1) First is 192.168.11.0/24
2) second is 10.50.50.0/24
3) 3rd is 10.246.38.0/24
Can anyone guide me in right direction? I am not using any ACL as I read on some forums if you are using same security feature then no need for acl or acl overrides it. I am doing config via asdm .
10-19-2016 02:55 PM
ASA software has a built-in tool called packet-tracer that is excellent at showing you the path a flow takes through the appliance and the outcome of each step.
packet tracer input <nameif> tcp <source address> <source port> <destination address> <destination port>
Be sure to use a downstream host address for the source and destination - not the ASA interface addresses.
10-19-2016 03:45 PM
access control lists can be very picky.
There is an implicit deny at the end that does not exist.
If you do no explicitly permit it it will be implicitly denied.

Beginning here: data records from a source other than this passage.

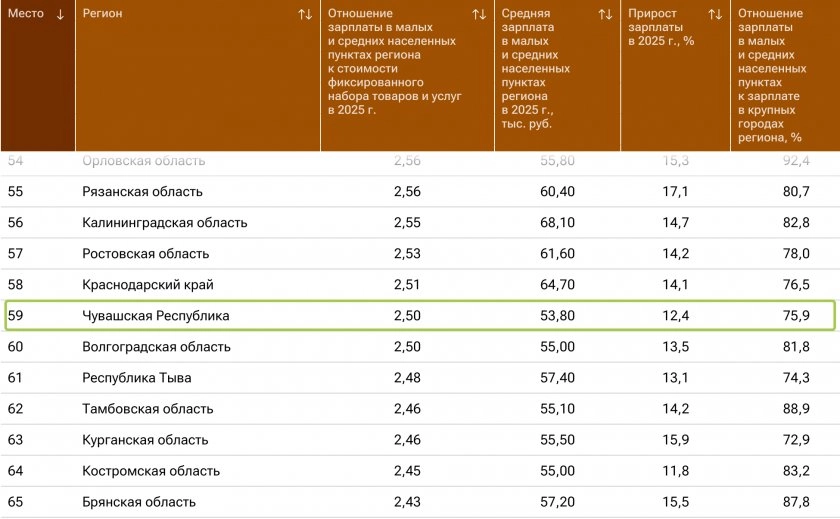 Всего в рейтинге 82 позиции. Чувашия заняла 59-ю строчку. Средней зарплаты в чувашской провинции хватает, чтобы приобрести 2,50 фиксированного набора товаров и услуг. Средняя зарплата за 2025 год оказалась почти 54 тысячи рублей в месяц. Рост зарплаты за год составил 12,4 %.
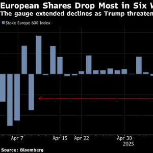自特朗普上个月宣布暂停大部分关税90天以来,欧洲股市持续反弹,贸易休战进一步提振了市场情绪。但在特朗普的最新声明后,斯托克欧洲600指数本周下跌1%。
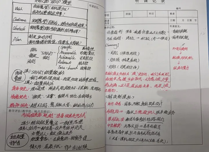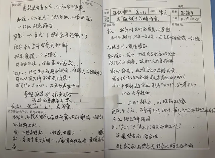 3、参评的备课、听课笔记必须为手写笔记,字迹要工整,内容要正确,特色要鲜明,无知识性错误,备课内容无抄袭现象,有二次备课痕迹,有教学反思。纯打印笔记不得参评。
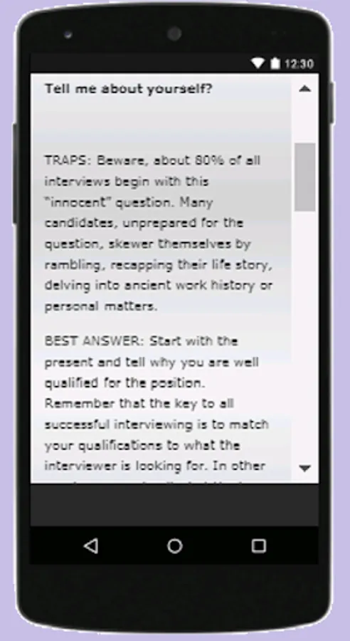 This App would help thoroughly prepare you for a job interview. Download the App and if you like the App please Rate the App a 5star.
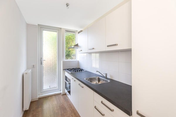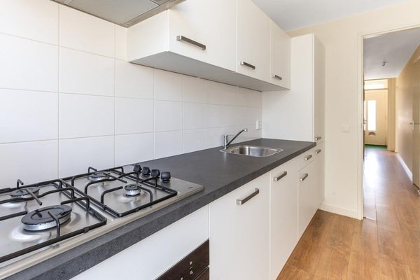 schouw/afzuigkap, oven, vaatwasautomaat, voldoende kastruimte en deur naar de achtertuin. - Slaapkamer aan de voorzijde voorzien van laminaatvloer en strakke wand- en plafondafwerking.

If you are hooking up hosts to the firewall interfaces you want to make sure the default gateway is the same as the interface IP on the firewall vlan you are connecting.
Also use packet-tracer to see where the hangup is when the traffic is traversing the interface.
If you are unfamiliar with the commands just use ? after the beginning of the command to see the different paths you can take.
show asp drop can help.
you might need to clear it first and try to initiate traffic a couple times.
clear asp drop
10-19-2016 09:59 PM
Following is the output:
10-19-2016 11:29 PM
Discover and save your favorite ideas. Come back to expert answers, step-by-step guides, recent topics, and more.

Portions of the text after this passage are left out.